<53> 届かない手
「……重い」
何故早めに止めなかったのかとナテルは激しく後悔していた。
この時間では殆どの従者が寝入っているだろう。
ゲインは既に王都に帰ってしまっているし、執務室から私室までの間は基本、兵は置いていない。
執務の情報漏えいを避けるためにだ。
つまり、ナテル以外ルーデンスを私室に運ぶことが出来ないのである。
ルーデンスは一見細身でそこまで重いようには見えない。
しかし、魔法だけではなく剣の腕も相当に凄いルーデンスは毎日の鍛錬を怠らない。
つまり、筋肉が重いのだ。…重過ぎる。
魔法も剣もからきしなナテルが、そんな毎日鍛錬している男を一人で担げるかといったら…。
無理とは言わないが、相当辛い。
普段全く体を鍛えていないナテルが悪いのではあるが、今更言っても遅い。
「…重過ぎる。ここに捨ててったら……ルーデンス様怒るかな…?」
そんな情け無いアイデアが浮かんだが、翌日のことを考えると恐ろしくてそんなことができない。

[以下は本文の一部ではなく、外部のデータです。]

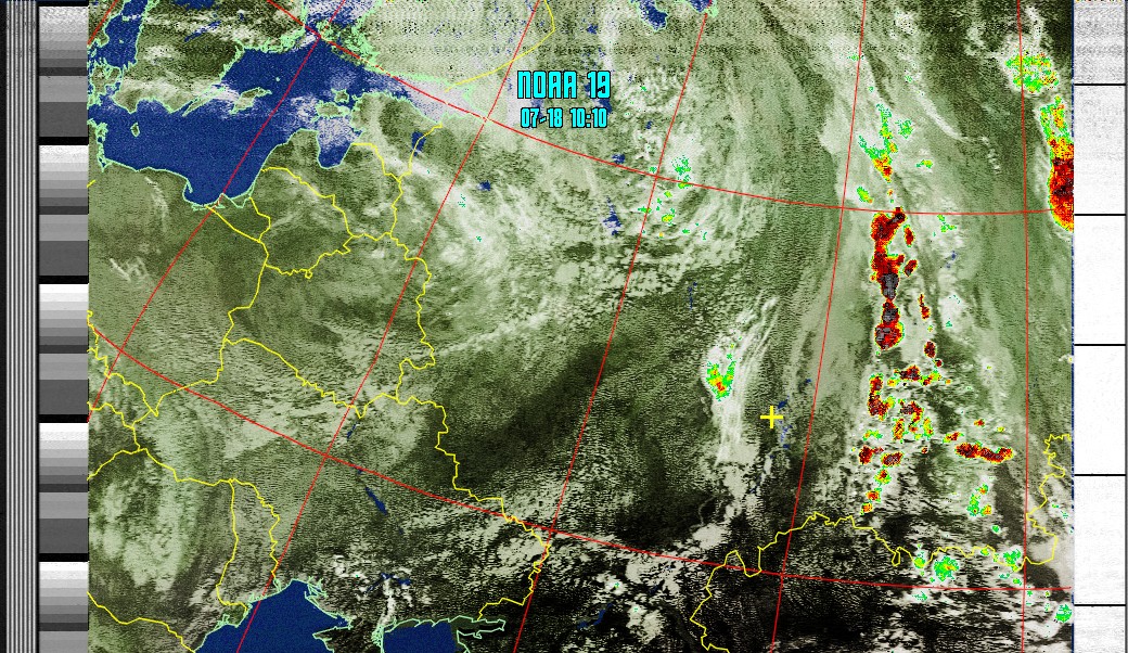 NOAA-19 (MICR with precipitation) Анализ облачности с областями метеоактивности

ナテルはルーデンスを支えながら彼の私室の方を見、その遠さにガックリうな垂れる。
そして、ふと私室と執務室のちょうど間にあるカギのかかった部屋に視線をやった。
「…うん。我ながらナイス」
ナテルはルーデンスのズボンのポケットから目的の物を取り出す。
そしてナテルは再び、力いっぱいルーデンスを引きずり始めた。
自分の名を呼ぶ声が聞こえた気がして、ナナエは少し瞼を上げ、身じろぎした。
ランプの薄明かりの中では部屋の入口の方にいる人物はよく見えない。
少しはれぼったい瞼を軽くこすって体を起こす。
声からすると、きっとナテルに違いないとナナエは思った。
「…ナテル、なの?」
入口に向って声を掛けると、ナテルは小さく返事をした。
そしてドサリと重たいものがソファーに落ちるような音がする。
「どうかしたの?」
「いえ、コレ、朝まで預かって欲しいんですけど~」
訝しく思って寝ぼけ眼のままナナエはサイドテーブルのランプを手に取り、立ち上がろうとした。
すると、ナテルは慌ててそれを制す。
「ああ、起きなくていいですよ。そのまま気にしないで寝ててください。明日の朝、回収に来ますから」
そうして、有無を言わせないように部屋を出て行った。
カチリと鍵をかけていくのも忘れない。
なんだったんだろうとナナエは首を傾げながら再び横になった。
そして目を閉じ、眠りに入ろうとすると…
「ん゛~…」
微かに声がした。
驚きの余り瞬時に目が覚め、ガバッと体を起こす。
そしてソファーの方をよく目を凝らして見てみた。
しかし、やはり暗くてよくわからない。
意を決して、ナナエはランプを手に持つとそーっとソファに近づいた。
そして息を呑む。
そこには酷く青ざめ、ぐったりとした様子のルーデンスが横たわっていた。
ナナエは急いでランプをテーブルに置くとルーデンスの横にしゃがみ込む。
……非常に酒臭い。
「…人騒がせな…最初会ったときみたいに葱みたいな顔色してるから焦ったじゃない」
難しい顔で寝込んでいるルーデンスの顔を見ながら、ナナエは嘆息する。
ナテルはどうやら、この状態のルーデンスをナナエに押し付けて行ったようだった。
先刻、散々泣いてナテルに迷惑をかけた手前、文句は言いづらい。
「今は顔、見たくなかったのにな」
ポツリと呟いた時、不意にルーデンスが薄く目を開けた。
その表情はとても気分が悪そうに眉間には皺がよっている。
顔色はやっぱりかなり青白い。
「…大丈夫?」
ナナエが囁くように小さな声で聞いてみたが、ルーデンスは全く反応しない。
ナナエのほうを向いているというのに、ナナエを見ていない。
寝ぼけているのかとナナエが気を抜いた時、囁くようにして言葉を返してきた。
「私が、嫌いですか?」
それは本当に小さな声で、ともすれば消え入ってしまいそうな程、弱々しい声だった。
ナナエはなんとも言えずに俯いた。
「…毛布、もって来るね。寒いでしょ」
ナナエが話を逸らすかのようにそう言って立ち上がると、ルーデンスはそれに何も応えず目を閉じる。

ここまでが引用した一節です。